Com visitas frequentes ao Hospital Regional desde a internação da esposa, Francisco clama orações a mulher para que ela tenha sua saúde reestabelecida.
RESPOSTA
Questionado pelo CORREIO, Fábio Costa, diretor técnico do HMI, falou sobre o caso que acabou repercutindo nas redes sociais nos últimos dias. O médico sustenta que infelizmente para todo procedimento que existe, há o risco inerente. “Nenhum médico sai de casa para perfurar o intestino de alguém. Mas em um universo de inúmeros procedimentos realizados, infelizmente sempre vão ter casos com complicações”.

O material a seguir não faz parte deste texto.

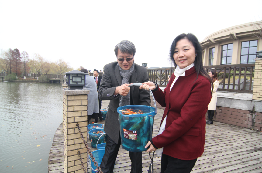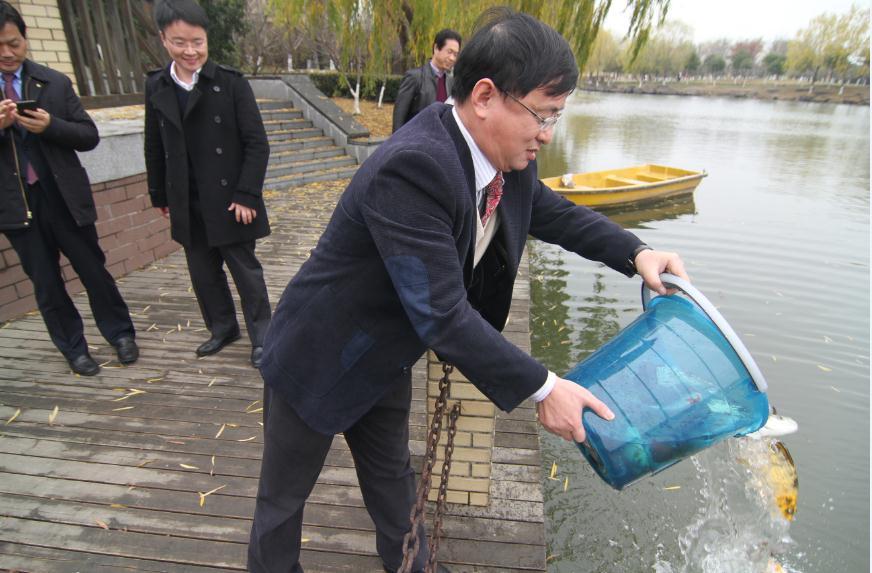 研讨会结束之后,各位领导专家来到我校亲水平台前举行投放鱼苗仪式,鱼苗象征着水上丝绸之路的护航使者,希望通过此次鱼苗投放活动,引导带动更多的师生和社会各界人士对我们律师学院的发展给予更多的帮助,同时也借此机会优化学校环境,倡导生态环保意识,推动我校精神文明创建工作更上一层楼。(汪雪苑撰稿 晏晓东摄影)

Ao falar sobre a curetagem, Fábio conta que é um procedimento de perfuração uterina, onde é inserida uma haste metálica – que não é móvel – para raspar o órgão, que é mole. E quanto mais no início da gestação, maior o risco de complicações.
“O útero é colado na bexiga e logo acima estão as vísceras do intestino. Quando você perfura o útero, corre o risco de atingir o intestino. Infelizmente faz parte do risco inerente há um procedimento”.
O diretor técnico ressalta que há deficiência de leitos e número de médicos no HMI. Segundo Fábio, com o grande número de pacientes atendidos no hospital, existe uma necessidade de que após passar a anestesia a paciente já receba alta. Contudo, isso não é feito justamente por causa de possíveis intercorrências que podem acontecer.
“Atendemos Marabá e mais de 20 municípios da região. Nossa demanda é muito grande. Nossos leitos estão lotados, mas a nossa prioridade aqui dentro é sempre salvar vidas”.
Questionado sobre o suporte prestado à família da mulher, Fábio explica que a equipe do HMI está a disposição para dar o apoio necessário.
“Corremos atrás do encaminhamento para o regional imediatamente. E esse processo de regulação não é fácil. Mas eu estou a disposição se a família quiser conversar”, finaliza.